I agree with the “offline” idea.
Also use existing SMTP connection to send the data, as well as some form of encryption (asymmetric encryption keys).

Might be best for ABS to have a chat with ATO and see how eTax cope with the influx of data around November each year.

I don’t see this happening smoothly, recall what happened when the ATO tried to overhaul it’s online services. What we got was a stuff up, and then an expensive mess of buggy software.

http://www.zdnet.com/au/revealed-ibms-false-start-on-atos-online-e-tax-overhaul-7000017863/

i wonder if the “online form” could be completed offline (rather that continual requests for new pages), then send in all the answers right at the end. That would stop people continually hamming the website.

An “offline” app for both ios and android would cut down on the problem. A physical confirmation code you can write down at the end to confirm it’s received by the census servers.

That’s what i’d do, anyway

AsparagusSyndrome4:21 pm 21 Dec 13

By 2016 I should have finished my Jedi training. I’ll be entering ‘Jedi’ into the first blank text box I find on the online form. I hope that doesn’t crash their system.

agent_clone said :

So how would they be capturing the technophobes of Australia?

Errr…

davo101 said :

Census collector follows up if you don’t do it on-line or mail form back.
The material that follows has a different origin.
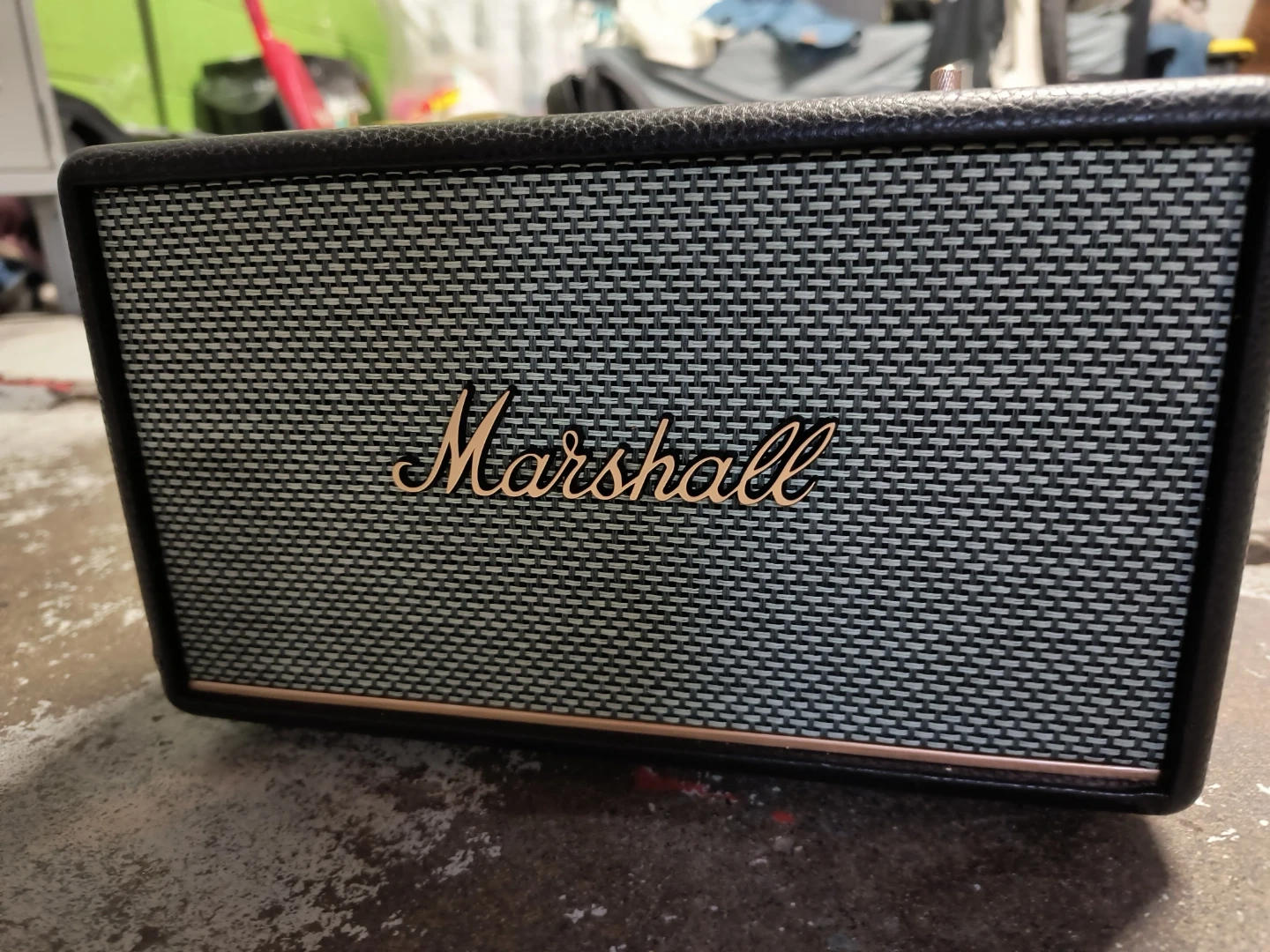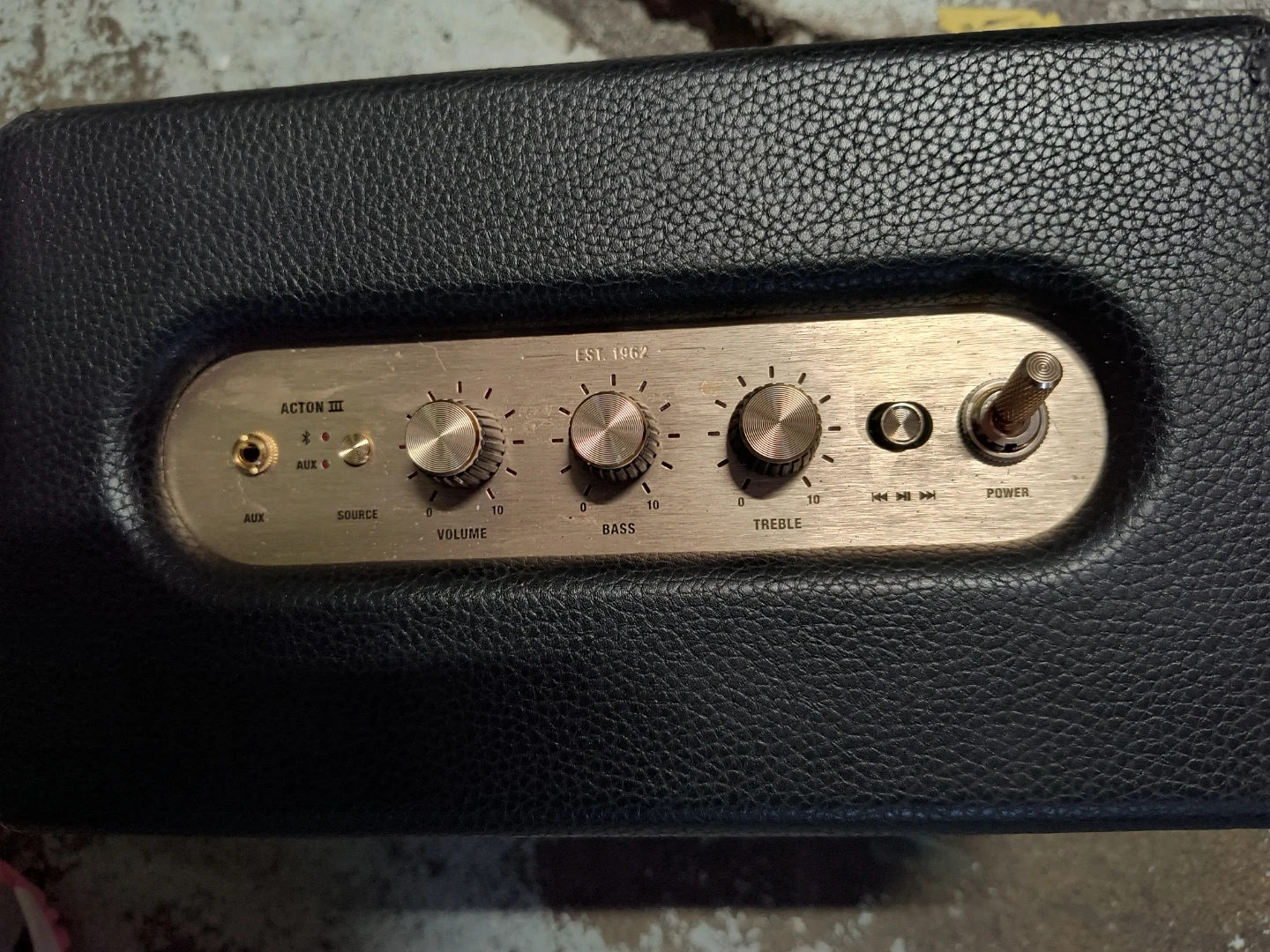 Marshall Acton III Bluetooth speaker. It features volume, bass, and treble controls. Connect via Aux or Bluetooth. Used maybe 2 times. Got them at Christmas.

I’d be surprised if there wasn’t still an opportunity to answer “Jedi”…

IP

agent_clone said :

So how would they be capturing the technophobes of Australia? A lady that lives near my parents doesn’t have a computer, and has no desire to own one. She may even have stopped working prior to being forced to use one (I’m not sure on this though). i.e. How are they knowing that a form needs to be mailed to your house?

Previous census questions asked whether households had internet access.

So how would they be capturing the technophobes of Australia? A lady that lives near my parents doesn’t have a computer, and has no desire to own one. She may even have stopped working prior to being forced to use one (I’m not sure on this though). i.e. How are they knowing that a form needs to be mailed to your house?

#2, A number of monthly and quarterly surveys already have an online option. Monthly population surveys being one of them.

HiddenDragon11:33 am 19 Dec 13

And if they’re serious about doing away with “messy business”, saving public funds and getting more representative survey results, they will extend this to their intrusive household surveys.

Wow what a breathless article about what is essentially:

Old System: Census collector left secure access code and form at your house. Came back to collect the form if you didn’t do it on-line.

New System: Secure access code is mailed to your house. Form mailed to you if required. Census collector follows up if you don’t do it on-line or mail form back.

Result: Most census collectors replaced by Australia Post.